→ **EXCERPTED DATA**
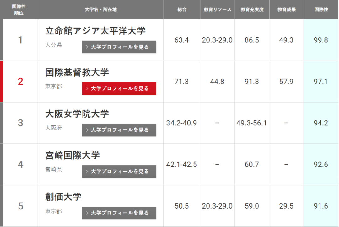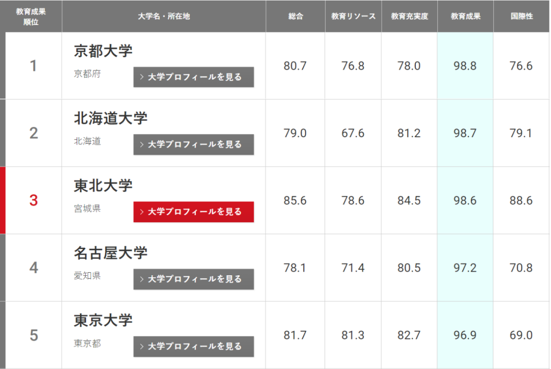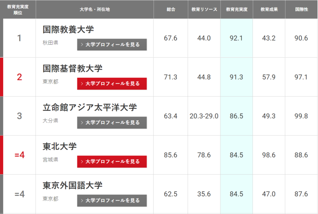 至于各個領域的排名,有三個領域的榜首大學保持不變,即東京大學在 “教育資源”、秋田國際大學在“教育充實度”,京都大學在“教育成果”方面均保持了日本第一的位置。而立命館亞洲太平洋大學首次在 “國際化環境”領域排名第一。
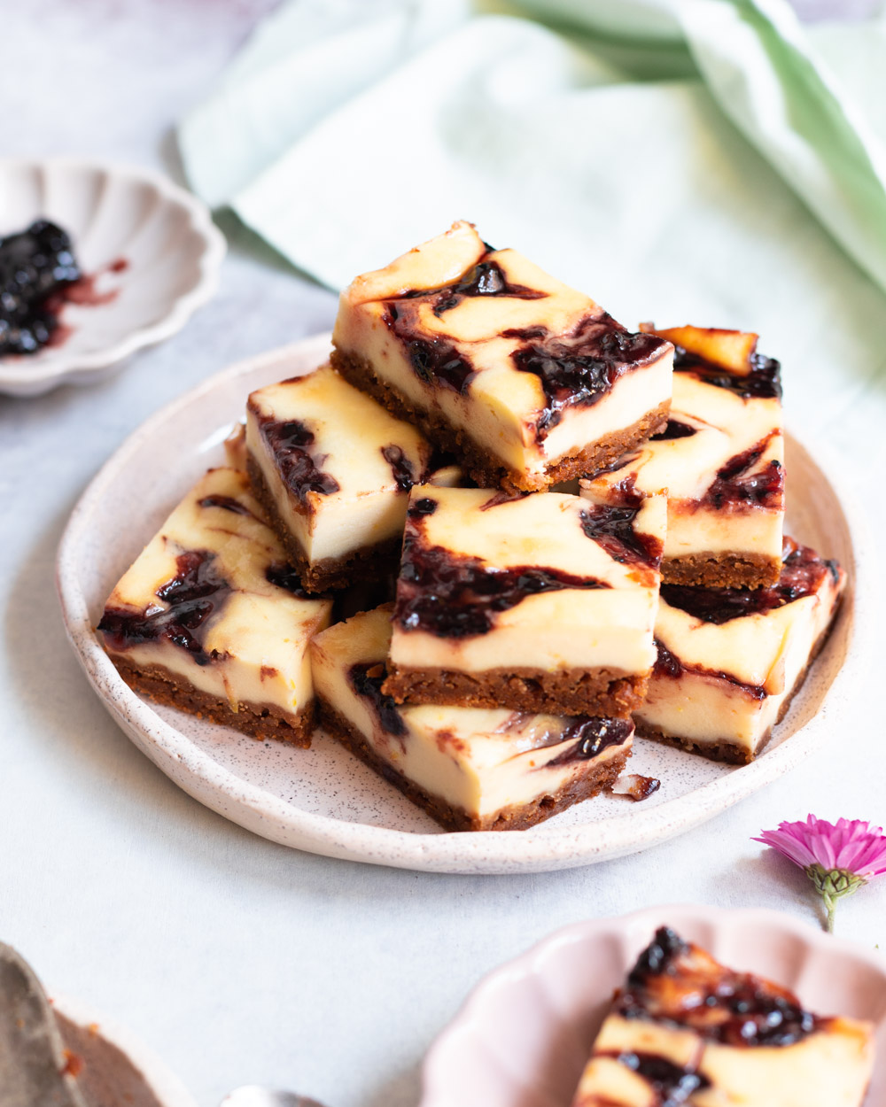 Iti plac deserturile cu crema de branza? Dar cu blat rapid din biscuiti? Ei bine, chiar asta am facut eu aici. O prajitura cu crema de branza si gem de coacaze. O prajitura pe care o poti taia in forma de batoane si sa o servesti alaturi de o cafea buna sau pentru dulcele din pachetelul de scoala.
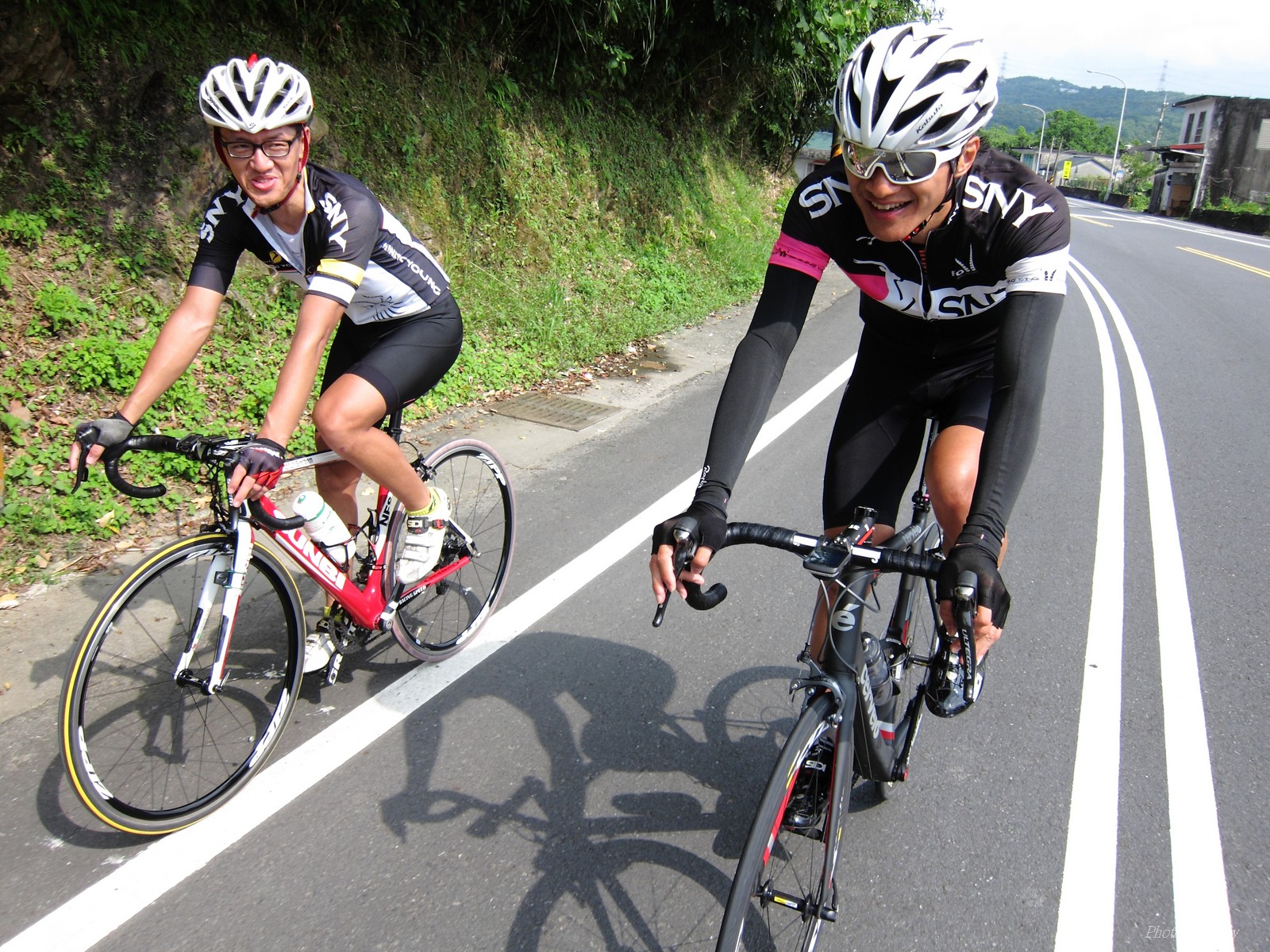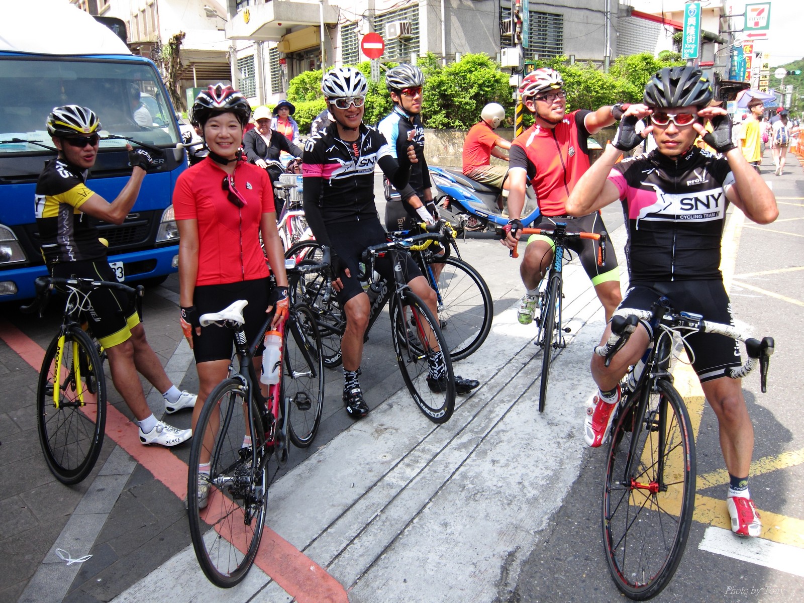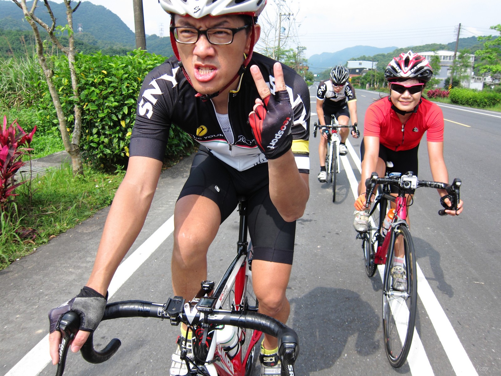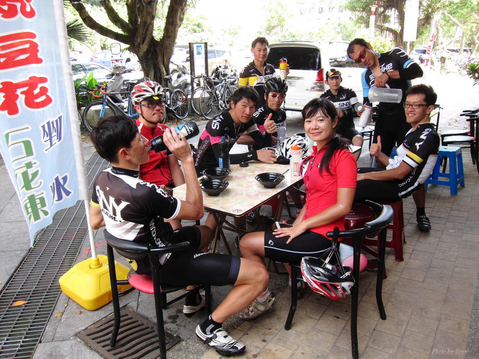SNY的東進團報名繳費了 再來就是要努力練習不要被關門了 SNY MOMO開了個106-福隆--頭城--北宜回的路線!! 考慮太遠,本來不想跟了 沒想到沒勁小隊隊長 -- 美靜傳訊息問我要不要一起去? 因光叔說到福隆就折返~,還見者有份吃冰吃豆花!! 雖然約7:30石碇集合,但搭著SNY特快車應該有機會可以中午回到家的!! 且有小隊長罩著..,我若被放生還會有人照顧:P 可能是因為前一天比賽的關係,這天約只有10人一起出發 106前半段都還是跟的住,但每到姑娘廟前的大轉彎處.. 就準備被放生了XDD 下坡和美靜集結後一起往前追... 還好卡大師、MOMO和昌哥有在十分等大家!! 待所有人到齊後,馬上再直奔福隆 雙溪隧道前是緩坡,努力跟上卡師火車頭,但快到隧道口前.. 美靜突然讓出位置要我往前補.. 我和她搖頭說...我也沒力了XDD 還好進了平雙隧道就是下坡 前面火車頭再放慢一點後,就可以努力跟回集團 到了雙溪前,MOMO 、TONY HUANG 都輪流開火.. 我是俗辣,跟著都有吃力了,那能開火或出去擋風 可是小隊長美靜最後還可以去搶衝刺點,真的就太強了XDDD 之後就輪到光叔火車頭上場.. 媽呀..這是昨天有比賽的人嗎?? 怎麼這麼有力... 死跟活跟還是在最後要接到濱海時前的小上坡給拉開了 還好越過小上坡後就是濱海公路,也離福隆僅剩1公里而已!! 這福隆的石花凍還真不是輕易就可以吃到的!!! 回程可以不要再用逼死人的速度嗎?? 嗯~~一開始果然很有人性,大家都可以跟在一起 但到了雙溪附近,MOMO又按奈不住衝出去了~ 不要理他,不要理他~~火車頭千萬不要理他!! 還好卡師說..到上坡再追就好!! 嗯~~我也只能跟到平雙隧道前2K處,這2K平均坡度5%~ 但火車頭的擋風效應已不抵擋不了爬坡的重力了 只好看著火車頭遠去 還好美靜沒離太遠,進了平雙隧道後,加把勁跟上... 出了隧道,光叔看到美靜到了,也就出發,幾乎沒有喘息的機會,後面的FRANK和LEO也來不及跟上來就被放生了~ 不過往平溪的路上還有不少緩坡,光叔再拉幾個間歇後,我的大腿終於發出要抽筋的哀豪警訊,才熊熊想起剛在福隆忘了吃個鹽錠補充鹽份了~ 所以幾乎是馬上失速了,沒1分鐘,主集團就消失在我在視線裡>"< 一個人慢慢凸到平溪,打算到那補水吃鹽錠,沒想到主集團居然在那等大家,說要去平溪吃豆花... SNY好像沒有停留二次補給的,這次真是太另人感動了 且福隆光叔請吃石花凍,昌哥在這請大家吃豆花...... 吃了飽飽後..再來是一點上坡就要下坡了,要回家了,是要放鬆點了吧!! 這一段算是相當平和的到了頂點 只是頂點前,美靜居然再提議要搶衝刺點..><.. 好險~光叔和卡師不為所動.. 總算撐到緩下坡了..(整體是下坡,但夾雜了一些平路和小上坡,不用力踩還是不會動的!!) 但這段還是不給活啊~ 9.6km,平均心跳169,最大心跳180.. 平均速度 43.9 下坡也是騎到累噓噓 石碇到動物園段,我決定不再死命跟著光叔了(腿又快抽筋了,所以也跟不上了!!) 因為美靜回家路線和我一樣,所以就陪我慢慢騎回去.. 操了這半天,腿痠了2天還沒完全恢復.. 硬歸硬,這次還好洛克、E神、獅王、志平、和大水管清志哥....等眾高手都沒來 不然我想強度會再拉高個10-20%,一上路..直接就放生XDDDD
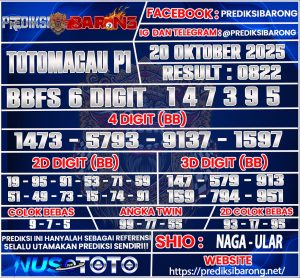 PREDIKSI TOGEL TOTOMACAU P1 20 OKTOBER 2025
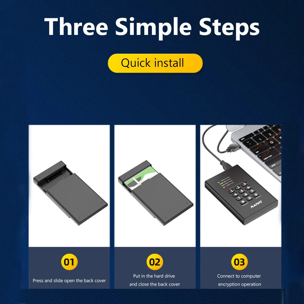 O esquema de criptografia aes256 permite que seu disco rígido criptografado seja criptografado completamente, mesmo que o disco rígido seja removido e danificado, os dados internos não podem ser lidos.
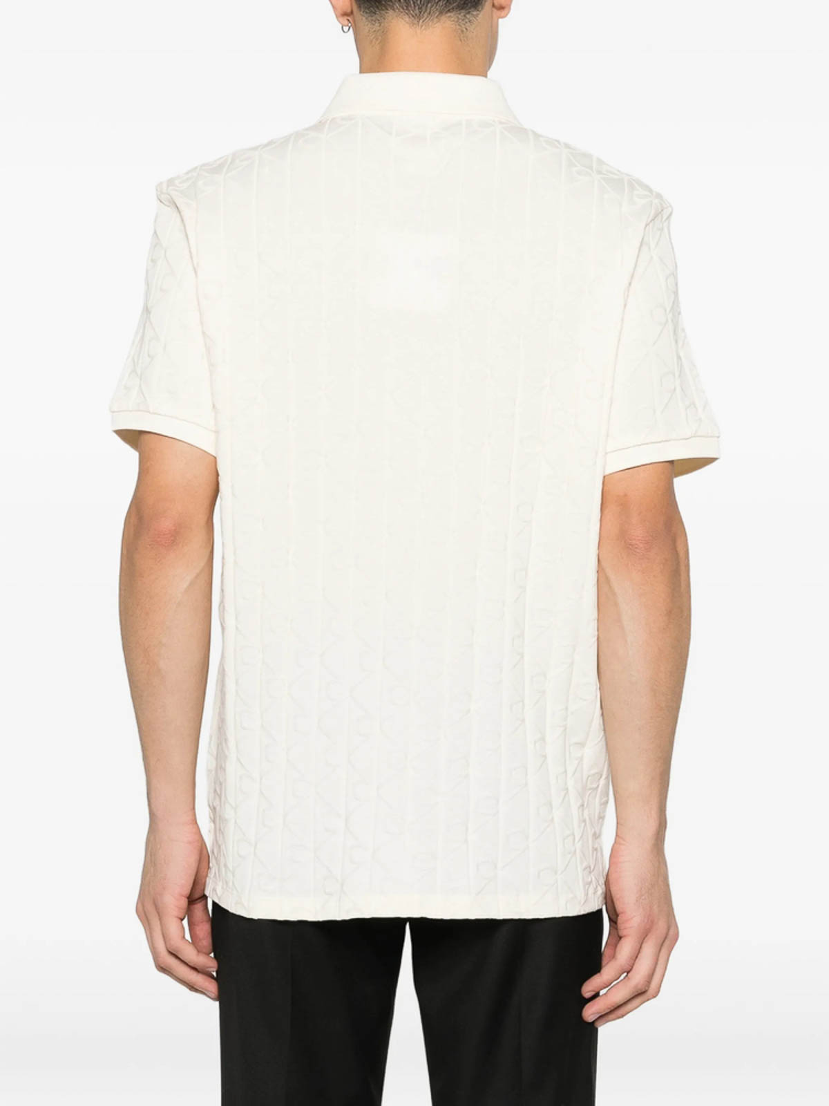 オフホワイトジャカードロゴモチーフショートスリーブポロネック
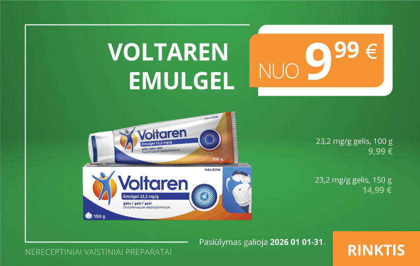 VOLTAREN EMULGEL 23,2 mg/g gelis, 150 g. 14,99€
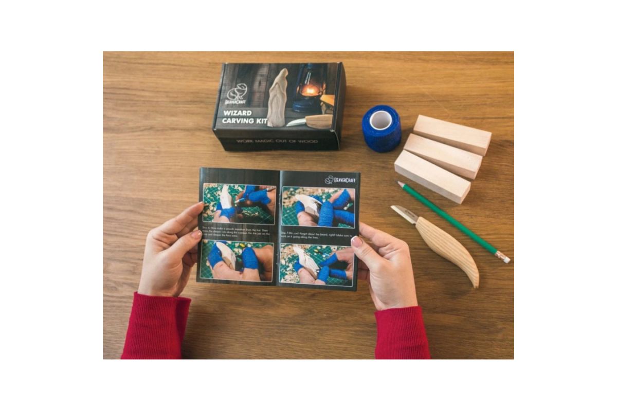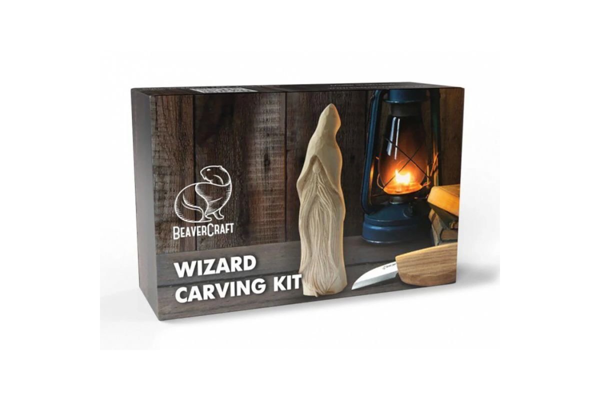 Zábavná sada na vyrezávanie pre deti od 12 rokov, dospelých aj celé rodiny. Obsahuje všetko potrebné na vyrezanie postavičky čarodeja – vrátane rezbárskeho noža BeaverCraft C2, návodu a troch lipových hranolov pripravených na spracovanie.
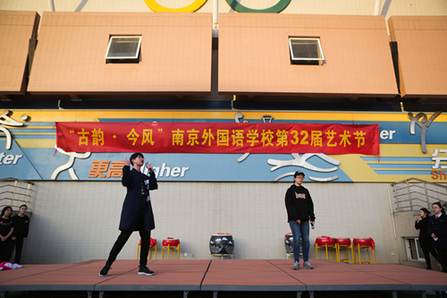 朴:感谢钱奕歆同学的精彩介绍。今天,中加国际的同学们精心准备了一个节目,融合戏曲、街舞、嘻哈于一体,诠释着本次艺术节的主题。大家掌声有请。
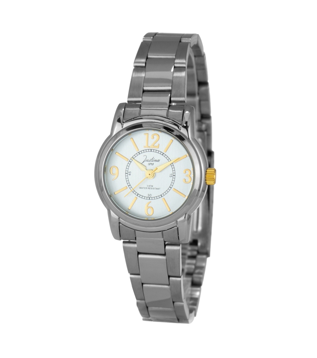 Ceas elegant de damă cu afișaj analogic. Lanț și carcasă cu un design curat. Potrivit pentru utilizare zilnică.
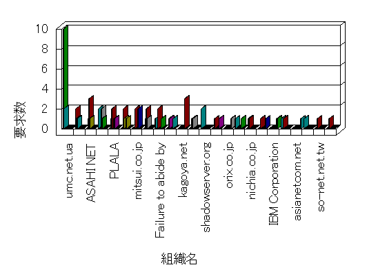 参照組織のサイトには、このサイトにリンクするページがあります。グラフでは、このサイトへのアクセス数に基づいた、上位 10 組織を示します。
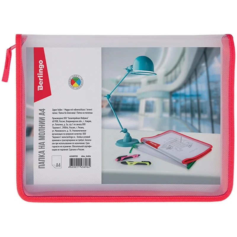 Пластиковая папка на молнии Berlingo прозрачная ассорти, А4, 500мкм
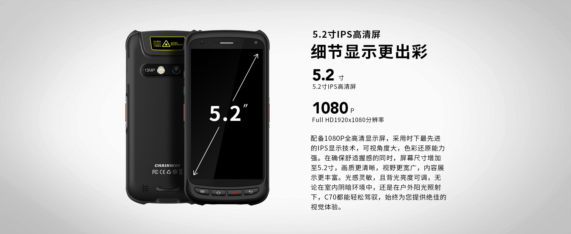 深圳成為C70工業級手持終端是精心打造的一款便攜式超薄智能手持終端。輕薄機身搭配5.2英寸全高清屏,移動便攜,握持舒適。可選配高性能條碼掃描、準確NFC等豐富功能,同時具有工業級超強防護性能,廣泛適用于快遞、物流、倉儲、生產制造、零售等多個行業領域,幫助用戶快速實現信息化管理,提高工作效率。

→ **YOUR ASSIGNMENT**
Could you return the whole listing exactly, with every picture removed?

→ **RESULT OF THE EXERCISE**
 至于各個領域的排名,有三個領域的榜首大學保持不變,即東京大學在 “教育資源”、秋田國際大學在“教育充實度”,京都大學在“教育成果”方面均保持了日本第一的位置。而立命館亞洲太平洋大學首次在 “國際化環境”領域排名第一。
 Iti plac deserturile cu crema de branza? Dar cu blat rapid din biscuiti? Ei bine, chiar asta am facut eu aici. O prajitura cu crema de branza si gem de coacaze. O prajitura pe care o poti taia in forma de batoane si sa o servesti alaturi de o cafea buna sau pentru dulcele din pachetelul de scoala.
SNY的東進團報名繳費了 再來就是要努力練習不要被關門了 SNY MOMO開了個106-福隆--頭城--北宜回的路線!! 考慮太遠,本來不想跟了 沒想到沒勁小隊隊長 -- 美靜傳訊息問我要不要一起去? 因光叔說到福隆就折返~,還見者有份吃冰吃豆花!! 雖然約7:30石碇集合,但搭著SNY特快車應該有機會可以中午回到家的!! 且有小隊長罩著..,我若被放生還會有人照顧:P 可能是因為前一天比賽的關係,這天約只有10人一起出發 106前半段都還是跟的住,但每到姑娘廟前的大轉彎處.. 就準備被放生了XDD 下坡和美靜集結後一起往前追... 還好卡大師、MOMO和昌哥有在十分等大家!! 待所有人到齊後,馬上再直奔福隆 雙溪隧道前是緩坡,努力跟上卡師火車頭,但快到隧道口前.. 美靜突然讓出位置要我往前補.. 我和她搖頭說...我也沒力了XDD 還好進了平雙隧道就是下坡 前面火車頭再放慢一點後,就可以努力跟回集團 到了雙溪前,MOMO 、TONY HUANG 都輪流開火.. 我是俗辣,跟著都有吃力了,那能開火或出去擋風 可是小隊長美靜最後還可以去搶衝刺點,真的就太強了XDDD 之後就輪到光叔火車頭上場.. 媽呀..這是昨天有比賽的人嗎?? 怎麼這麼有力... 死跟活跟還是在最後要接到濱海時前的小上坡給拉開了 還好越過小上坡後就是濱海公路,也離福隆僅剩1公里而已!! 這福隆的石花凍還真不是輕易就可以吃到的!!! 回程可以不要再用逼死人的速度嗎?? 嗯~~一開始果然很有人性,大家都可以跟在一起 但到了雙溪附近,MOMO又按奈不住衝出去了~ 不要理他,不要理他~~火車頭千萬不要理他!! 還好卡師說..到上坡再追就好!! 嗯~~我也只能跟到平雙隧道前2K處,這2K平均坡度5%~ 但火車頭的擋風效應已不抵擋不了爬坡的重力了 只好看著火車頭遠去 還好美靜沒離太遠,進了平雙隧道後,加把勁跟上... 出了隧道,光叔看到美靜到了,也就出發,幾乎沒有喘息的機會,後面的FRANK和LEO也來不及跟上來就被放生了~ 不過往平溪的路上還有不少緩坡,光叔再拉幾個間歇後,我的大腿終於發出要抽筋的哀豪警訊,才熊熊想起剛在福隆忘了吃個鹽錠補充鹽份了~ 所以幾乎是馬上失速了,沒1分鐘,主集團就消失在我在視線裡>"< 一個人慢慢凸到平溪,打算到那補水吃鹽錠,沒想到主集團居然在那等大家,說要去平溪吃豆花... SNY好像沒有停留二次補給的,這次真是太另人感動了 且福隆光叔請吃石花凍,昌哥在這請大家吃豆花...... 吃了飽飽後..再來是一點上坡就要下坡了,要回家了,是要放鬆點了吧!! 這一段算是相當平和的到了頂點 只是頂點前,美靜居然再提議要搶衝刺點..><.. 好險~光叔和卡師不為所動.. 總算撐到緩下坡了..(整體是下坡,但夾雜了一些平路和小上坡,不用力踩還是不會動的!!) 但這段還是不給活啊~ 9.6km,平均心跳169,最大心跳180.. 平均速度 43.9 下坡也是騎到累噓噓 石碇到動物園段,我決定不再死命跟著光叔了(腿又快抽筋了,所以也跟不上了!!) 因為美靜回家路線和我一樣,所以就陪我慢慢騎回去.. 操了這半天,腿痠了2天還沒完全恢復.. 硬歸硬,這次還好洛克、E神、獅王、志平、和大水管清志哥....等眾高手都沒來 不然我想強度會再拉高個10-20%,一上路..直接就放生XDDDD
 PREDIKSI TOGEL TOTOMACAU P1 20 OKTOBER 2025
 O esquema de criptografia aes256 permite que seu disco rígido criptografado seja criptografado completamente, mesmo que o disco rígido seja removido e danificado, os dados internos não podem ser lidos.
 オフホワイトジャカードロゴモチーフショートスリーブポロネック
 VOLTAREN EMULGEL 23,2 mg/g gelis, 150 g. 14,99€
 Zábavná sada na vyrezávanie pre deti od 12 rokov, dospelých aj celé rodiny. Obsahuje všetko potrebné na vyrezanie postavičky čarodeja – vrátane rezbárskeho noža BeaverCraft C2, návodu a troch lipových hranolov pripravených na spracovanie.
 朴:感谢钱奕歆同学的精彩介绍。今天,中加国际的同学们精心准备了一个节目,融合戏曲、街舞、嘻哈于一体,诠释着本次艺术节的主题。大家掌声有请。
 Ceas elegant de damă cu afișaj analogic. Lanț și carcasă cu un design curat. Potrivit pentru utilizare zilnică.
 参照組織のサイトには、このサイトにリンクするページがあります。グラフでは、このサイトへのアクセス数に基づいた、上位 10 組織を示します。
 Пластиковая папка на молнии Berlingo прозрачная ассорти, А4, 500мкм
 深圳成為C70工業級手持終端是精心打造的一款便攜式超薄智能手持終端。輕薄機身搭配5.2英寸全高清屏,移動便攜,握持舒適。可選配高性能條碼掃描、準確NFC等豐富功能,同時具有工業級超強防護性能,廣泛適用于快遞、物流、倉儲、生產制造、零售等多個行業領域,幫助用戶快速實現信息化管理,提高工作效率。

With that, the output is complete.